**Exercise prompt:**
In this exercise, the entries below include pictures. Repeat exactly the lines from the line with "大華山鎮與北京理工大學老年大學藝術團互贈了紀念品。" to the line with "2024年7月15日水質(zhì)檢驗(yàn)報(bào)告", including both, but without the pictures.

(Saved entries)
----------
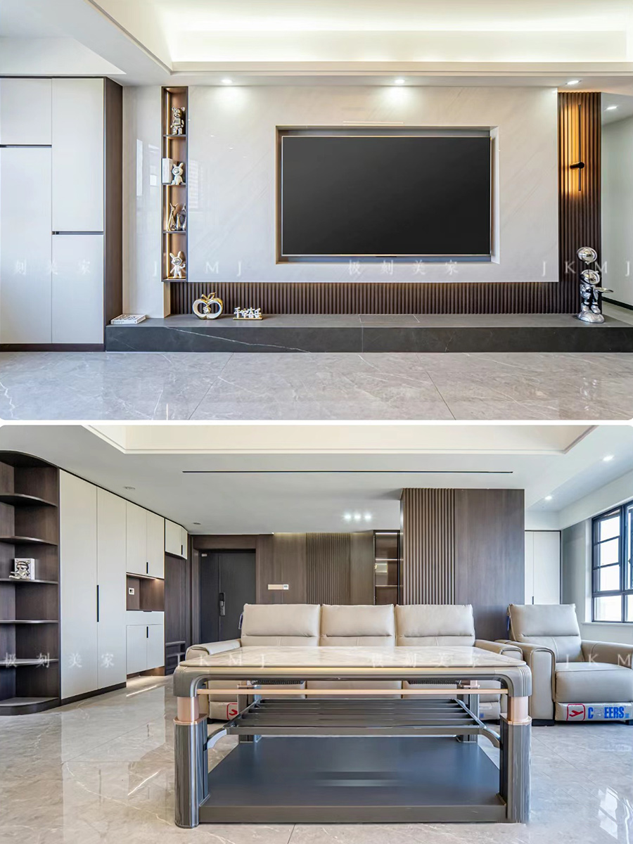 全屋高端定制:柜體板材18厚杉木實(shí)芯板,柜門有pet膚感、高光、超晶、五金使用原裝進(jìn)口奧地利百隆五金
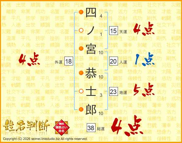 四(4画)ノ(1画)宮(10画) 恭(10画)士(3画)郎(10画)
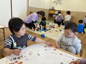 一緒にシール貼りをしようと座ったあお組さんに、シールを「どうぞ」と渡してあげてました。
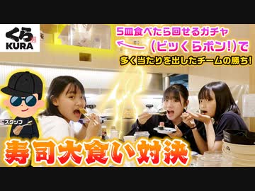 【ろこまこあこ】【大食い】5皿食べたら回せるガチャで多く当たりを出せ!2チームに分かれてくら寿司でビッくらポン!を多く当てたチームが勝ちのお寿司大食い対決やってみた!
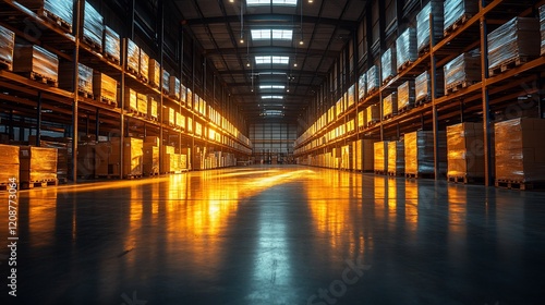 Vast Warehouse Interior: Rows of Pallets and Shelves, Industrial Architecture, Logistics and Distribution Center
----------
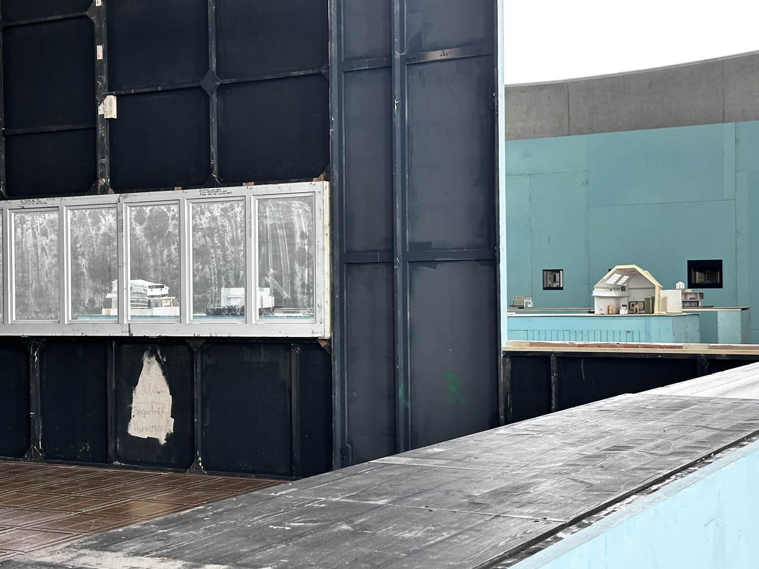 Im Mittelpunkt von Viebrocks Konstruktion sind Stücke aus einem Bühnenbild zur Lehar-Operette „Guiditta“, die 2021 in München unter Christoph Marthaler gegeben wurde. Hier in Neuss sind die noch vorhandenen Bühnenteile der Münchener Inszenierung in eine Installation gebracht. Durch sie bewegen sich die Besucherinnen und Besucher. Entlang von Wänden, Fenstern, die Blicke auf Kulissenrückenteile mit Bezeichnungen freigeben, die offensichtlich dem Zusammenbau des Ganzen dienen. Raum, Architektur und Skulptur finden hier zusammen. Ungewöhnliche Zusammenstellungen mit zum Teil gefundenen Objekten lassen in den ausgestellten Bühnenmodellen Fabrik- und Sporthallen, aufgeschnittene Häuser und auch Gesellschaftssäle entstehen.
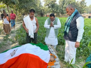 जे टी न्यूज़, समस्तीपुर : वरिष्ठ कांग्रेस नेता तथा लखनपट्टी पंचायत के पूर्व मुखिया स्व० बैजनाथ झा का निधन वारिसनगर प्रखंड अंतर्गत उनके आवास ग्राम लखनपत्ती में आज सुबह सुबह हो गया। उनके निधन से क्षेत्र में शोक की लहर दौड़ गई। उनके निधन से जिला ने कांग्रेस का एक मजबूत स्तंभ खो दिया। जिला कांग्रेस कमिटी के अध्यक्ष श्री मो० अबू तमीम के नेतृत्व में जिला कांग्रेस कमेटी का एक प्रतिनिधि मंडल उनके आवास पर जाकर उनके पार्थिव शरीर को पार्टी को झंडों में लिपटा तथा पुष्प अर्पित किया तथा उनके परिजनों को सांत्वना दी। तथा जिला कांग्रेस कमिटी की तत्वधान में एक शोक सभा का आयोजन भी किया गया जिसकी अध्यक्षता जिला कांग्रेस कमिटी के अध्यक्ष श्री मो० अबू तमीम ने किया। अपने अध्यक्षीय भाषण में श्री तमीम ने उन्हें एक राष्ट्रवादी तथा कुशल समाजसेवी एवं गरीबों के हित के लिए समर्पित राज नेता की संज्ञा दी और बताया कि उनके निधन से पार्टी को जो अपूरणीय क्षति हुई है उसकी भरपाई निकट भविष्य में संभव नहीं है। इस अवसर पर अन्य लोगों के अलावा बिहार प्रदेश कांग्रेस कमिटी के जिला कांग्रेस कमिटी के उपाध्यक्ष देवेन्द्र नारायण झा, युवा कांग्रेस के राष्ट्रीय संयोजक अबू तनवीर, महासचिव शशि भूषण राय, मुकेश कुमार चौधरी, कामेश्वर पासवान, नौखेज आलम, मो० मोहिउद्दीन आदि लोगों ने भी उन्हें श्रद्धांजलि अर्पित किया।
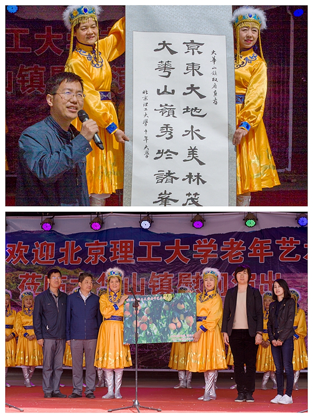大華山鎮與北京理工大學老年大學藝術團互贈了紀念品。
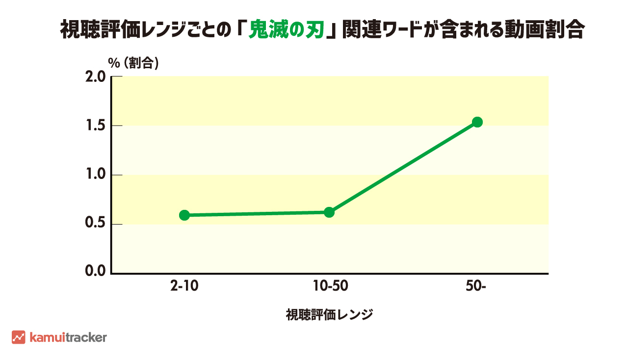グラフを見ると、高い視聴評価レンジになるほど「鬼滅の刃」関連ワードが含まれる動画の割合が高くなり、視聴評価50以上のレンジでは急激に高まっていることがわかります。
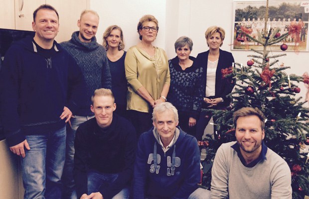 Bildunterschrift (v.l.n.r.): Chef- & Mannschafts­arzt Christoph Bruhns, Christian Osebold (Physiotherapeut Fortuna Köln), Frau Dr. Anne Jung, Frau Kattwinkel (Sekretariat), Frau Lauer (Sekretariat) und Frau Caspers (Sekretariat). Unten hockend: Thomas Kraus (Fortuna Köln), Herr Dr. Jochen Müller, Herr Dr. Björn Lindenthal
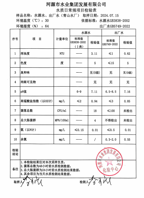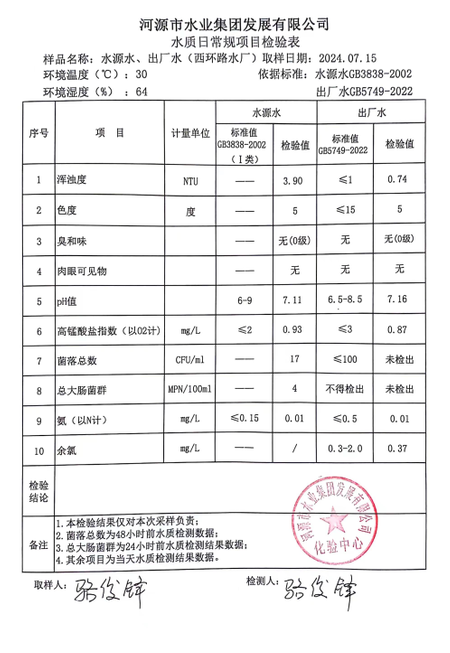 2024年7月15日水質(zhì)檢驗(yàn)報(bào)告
----------
**Task solution:**
大華山鎮與北京理工大學老年大學藝術團互贈了紀念品。
グラフを見ると、高い視聴評価レンジになるほど「鬼滅の刃」関連ワードが含まれる動画の割合が高くなり、視聴評価50以上のレンジでは急激に高まっていることがわかります。
 Bildunterschrift (v.l.n.r.): Chef- & Mannschafts­arzt Christoph Bruhns, Christian Osebold (Physiotherapeut Fortuna Köln), Frau Dr. Anne Jung, Frau Kattwinkel (Sekretariat), Frau Lauer (Sekretariat) und Frau Caspers (Sekretariat). Unten hockend: Thomas Kraus (Fortuna Köln), Herr Dr. Jochen Müller, Herr Dr. Björn Lindenthal
 2024年7月15日水質(zhì)檢驗(yàn)報(bào)告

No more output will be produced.